-- Recorded data follows --

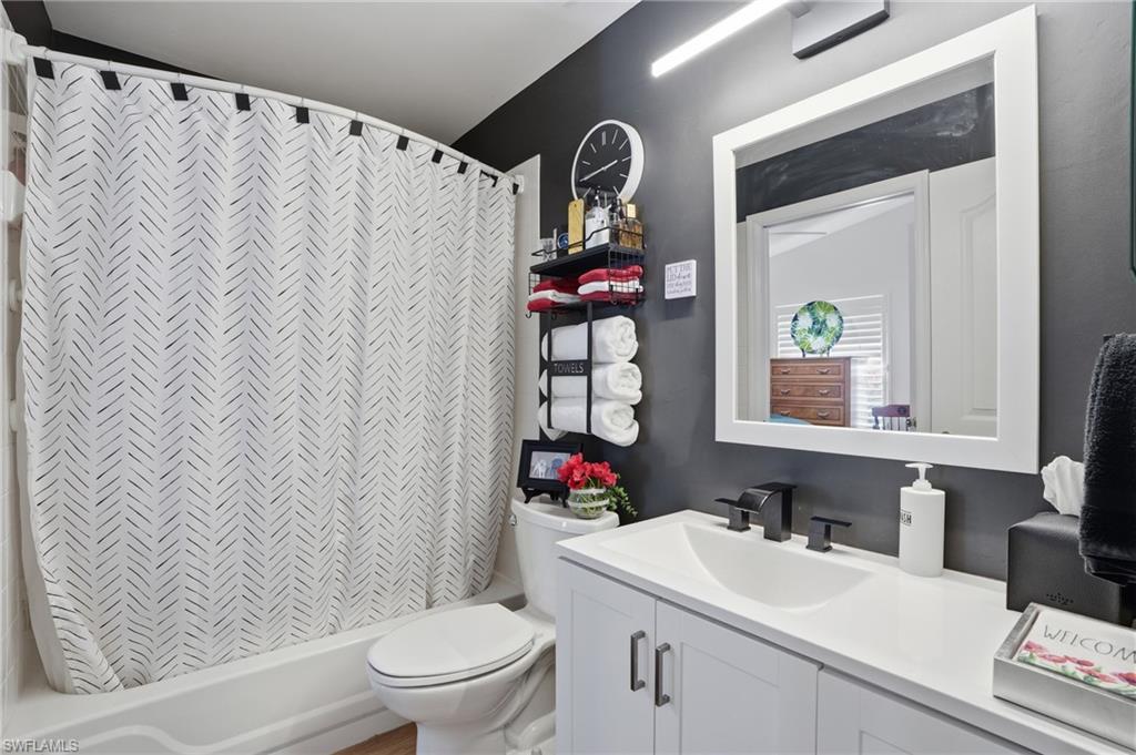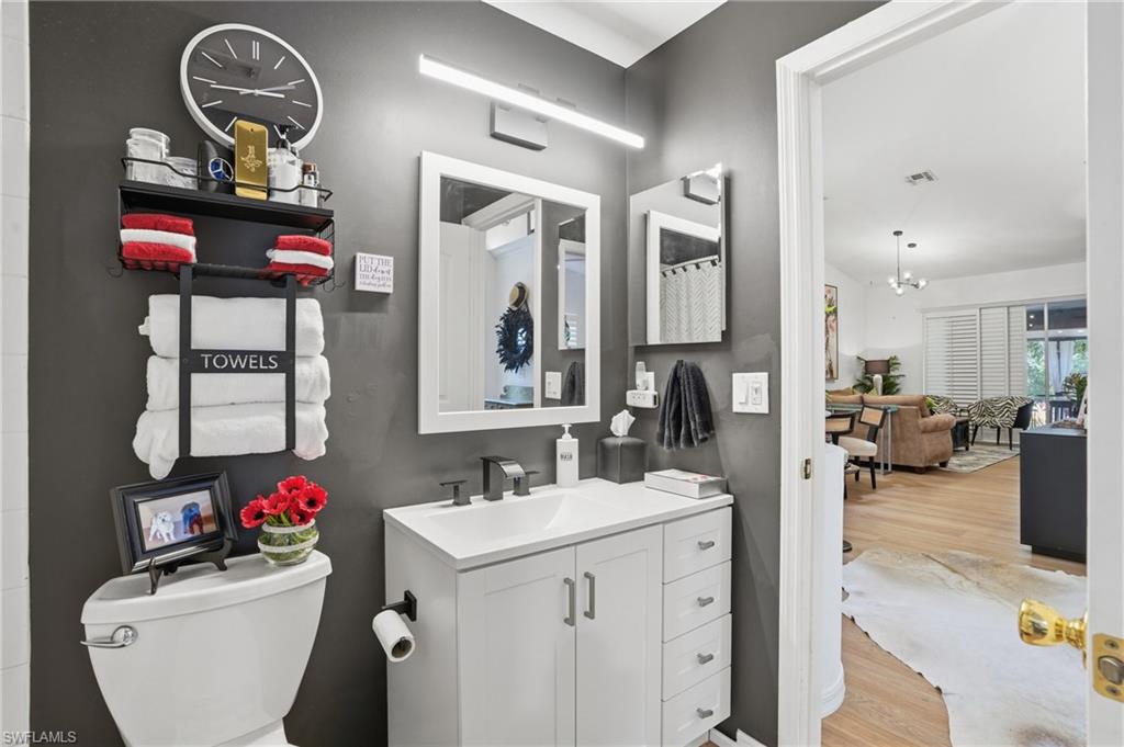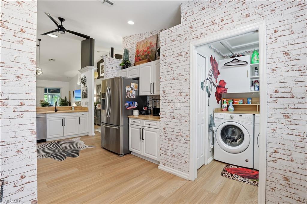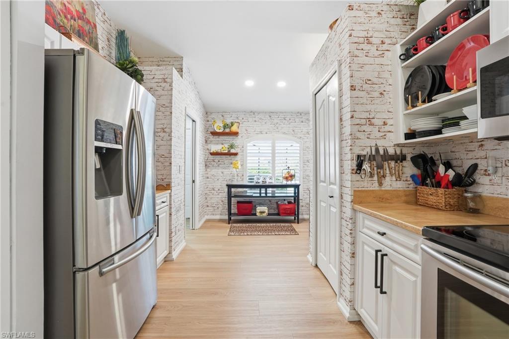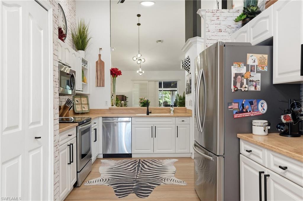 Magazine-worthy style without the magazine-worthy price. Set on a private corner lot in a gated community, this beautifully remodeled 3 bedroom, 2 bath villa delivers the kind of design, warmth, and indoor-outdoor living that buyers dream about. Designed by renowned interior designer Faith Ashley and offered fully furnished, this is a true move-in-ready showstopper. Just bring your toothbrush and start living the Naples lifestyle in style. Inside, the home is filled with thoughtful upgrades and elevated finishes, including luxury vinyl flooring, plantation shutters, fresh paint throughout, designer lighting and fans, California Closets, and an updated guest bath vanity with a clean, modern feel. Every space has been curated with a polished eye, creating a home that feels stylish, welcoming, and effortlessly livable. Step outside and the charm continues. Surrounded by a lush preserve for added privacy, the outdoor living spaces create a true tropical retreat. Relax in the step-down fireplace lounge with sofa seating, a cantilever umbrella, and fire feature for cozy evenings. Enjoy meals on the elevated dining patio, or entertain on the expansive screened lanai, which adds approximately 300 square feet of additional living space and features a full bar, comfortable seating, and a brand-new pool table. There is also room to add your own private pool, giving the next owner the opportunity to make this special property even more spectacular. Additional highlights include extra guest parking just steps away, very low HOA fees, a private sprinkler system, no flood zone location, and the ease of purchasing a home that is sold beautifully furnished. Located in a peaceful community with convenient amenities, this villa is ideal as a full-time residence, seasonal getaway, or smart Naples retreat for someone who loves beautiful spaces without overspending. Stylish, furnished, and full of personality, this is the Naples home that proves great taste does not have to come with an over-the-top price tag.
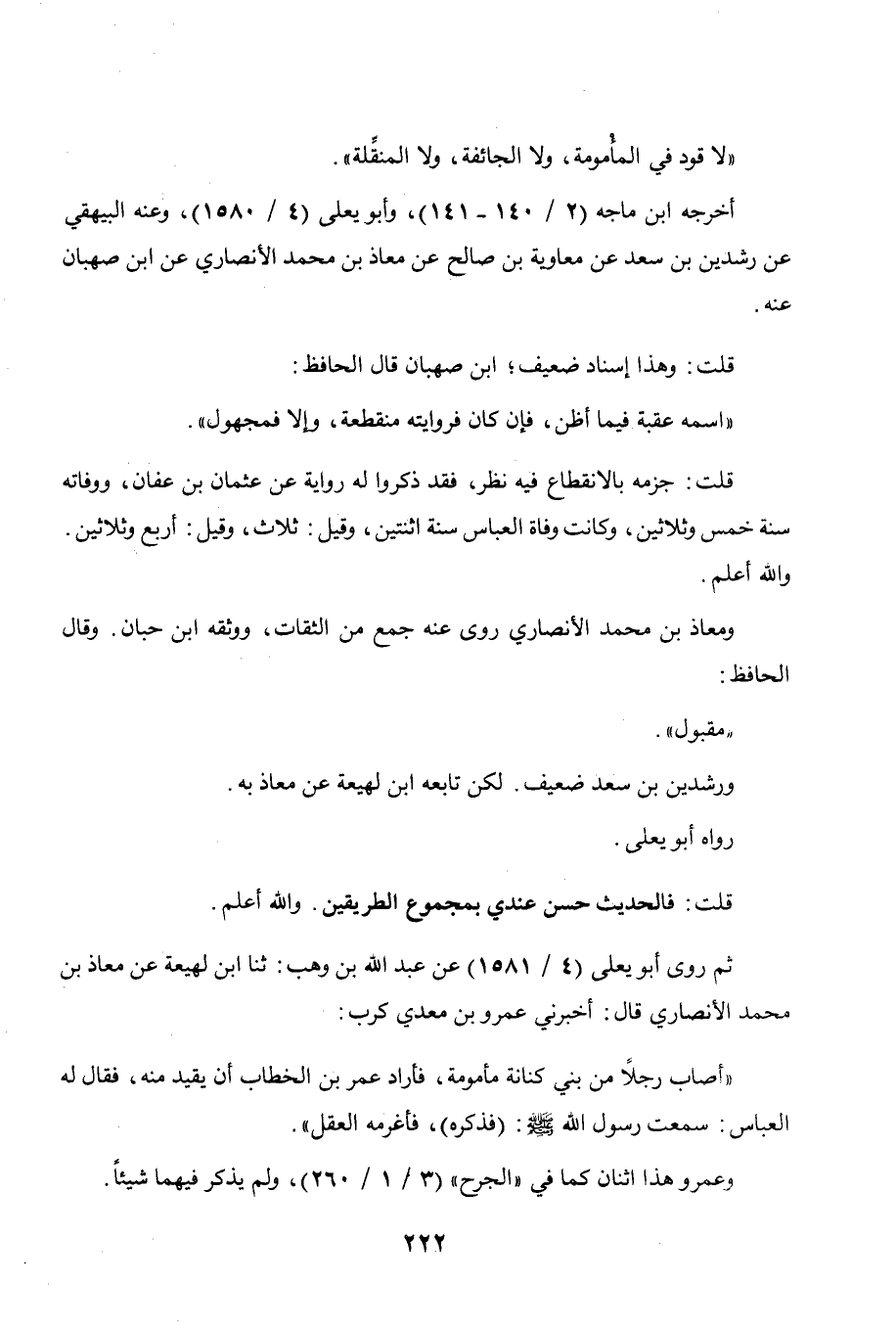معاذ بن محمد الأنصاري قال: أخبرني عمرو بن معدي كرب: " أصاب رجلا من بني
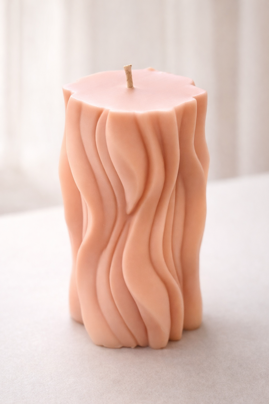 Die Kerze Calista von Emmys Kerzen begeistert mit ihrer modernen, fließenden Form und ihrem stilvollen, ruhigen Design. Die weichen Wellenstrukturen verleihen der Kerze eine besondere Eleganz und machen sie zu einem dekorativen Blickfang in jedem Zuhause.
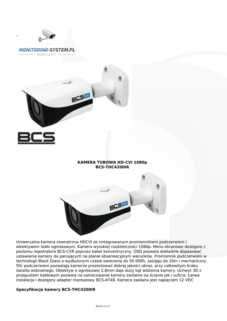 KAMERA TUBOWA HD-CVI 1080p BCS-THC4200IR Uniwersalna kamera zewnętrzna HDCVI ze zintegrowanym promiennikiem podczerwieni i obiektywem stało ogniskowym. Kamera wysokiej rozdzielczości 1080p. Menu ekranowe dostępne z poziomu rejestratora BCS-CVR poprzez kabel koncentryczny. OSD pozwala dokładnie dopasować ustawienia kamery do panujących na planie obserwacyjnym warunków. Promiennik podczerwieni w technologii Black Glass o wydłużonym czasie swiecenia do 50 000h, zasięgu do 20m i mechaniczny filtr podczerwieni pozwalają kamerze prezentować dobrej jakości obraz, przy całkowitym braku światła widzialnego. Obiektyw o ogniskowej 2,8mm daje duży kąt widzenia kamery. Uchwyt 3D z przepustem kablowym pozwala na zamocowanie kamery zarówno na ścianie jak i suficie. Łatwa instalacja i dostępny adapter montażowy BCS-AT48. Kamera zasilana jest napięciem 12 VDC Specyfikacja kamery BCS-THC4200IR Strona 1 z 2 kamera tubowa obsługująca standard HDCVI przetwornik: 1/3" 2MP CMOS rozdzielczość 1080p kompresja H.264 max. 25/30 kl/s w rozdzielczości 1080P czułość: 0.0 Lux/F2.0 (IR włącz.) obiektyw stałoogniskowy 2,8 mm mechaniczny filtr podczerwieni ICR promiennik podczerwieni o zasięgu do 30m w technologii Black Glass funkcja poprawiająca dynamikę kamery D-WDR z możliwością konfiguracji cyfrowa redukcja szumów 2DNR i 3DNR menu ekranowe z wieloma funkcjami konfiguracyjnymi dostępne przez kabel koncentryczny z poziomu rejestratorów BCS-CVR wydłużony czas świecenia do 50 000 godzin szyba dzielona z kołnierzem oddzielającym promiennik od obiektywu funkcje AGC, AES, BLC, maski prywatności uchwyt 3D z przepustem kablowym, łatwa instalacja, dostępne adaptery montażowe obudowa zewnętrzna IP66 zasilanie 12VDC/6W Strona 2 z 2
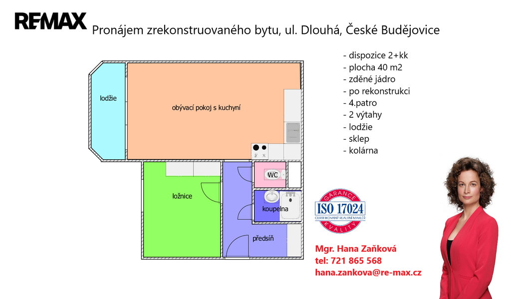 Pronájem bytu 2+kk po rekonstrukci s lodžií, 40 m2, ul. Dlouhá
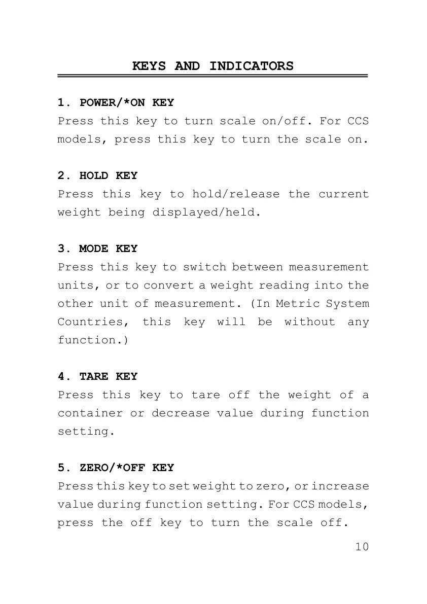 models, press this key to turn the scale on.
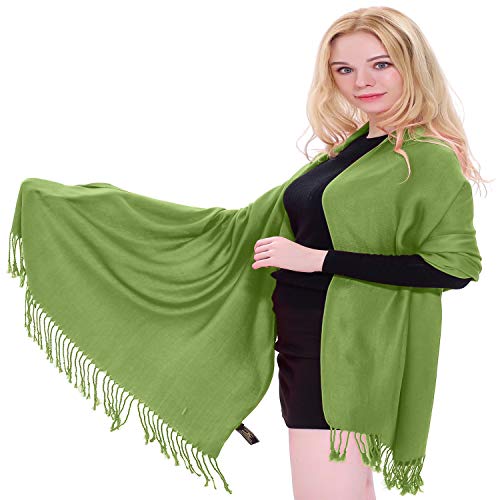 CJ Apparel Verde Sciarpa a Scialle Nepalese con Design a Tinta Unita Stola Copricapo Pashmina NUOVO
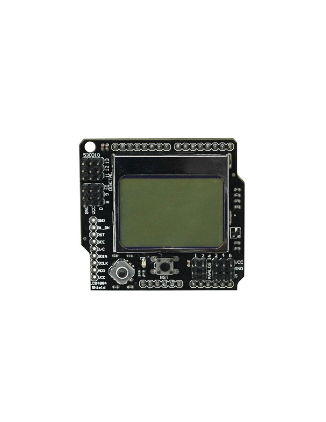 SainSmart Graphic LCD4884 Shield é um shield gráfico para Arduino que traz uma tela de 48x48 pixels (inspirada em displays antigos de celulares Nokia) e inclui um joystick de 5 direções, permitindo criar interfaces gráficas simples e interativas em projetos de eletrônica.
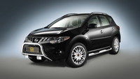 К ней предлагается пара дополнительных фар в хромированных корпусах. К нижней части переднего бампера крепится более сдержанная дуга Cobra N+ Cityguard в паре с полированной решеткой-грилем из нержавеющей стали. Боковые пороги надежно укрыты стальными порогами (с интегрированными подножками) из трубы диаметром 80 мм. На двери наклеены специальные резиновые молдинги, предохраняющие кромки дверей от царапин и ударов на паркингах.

-- Recorded data concluded --

Exercise brief =>
Omit the pictures and return exactly the lines from the line containing "models, press this key to turn the scale on." through the final line of the material above, both ends included.

Task answer =>
 models, press this key to turn the scale on.
 CJ Apparel Verde Sciarpa a Scialle Nepalese con Design a Tinta Unita Stola Copricapo Pashmina NUOVO
 SainSmart Graphic LCD4884 Shield é um shield gráfico para Arduino que traz uma tela de 48x48 pixels (inspirada em displays antigos de celulares Nokia) e inclui um joystick de 5 direções, permitindo criar interfaces gráficas simples e interativas em projetos de eletrônica.
 К ней предлагается пара дополнительных фар в хромированных корпусах. К нижней части переднего бампера крепится более сдержанная дуга Cobra N+ Cityguard в паре с полированной решеткой-грилем из нержавеющей стали. Боковые пороги надежно укрыты стальными порогами (с интегрированными подножками) из трубы диаметром 80 мм. На двери наклеены специальные резиновые молдинги, предохраняющие кромки дверей от царапин и ударов на паркингах.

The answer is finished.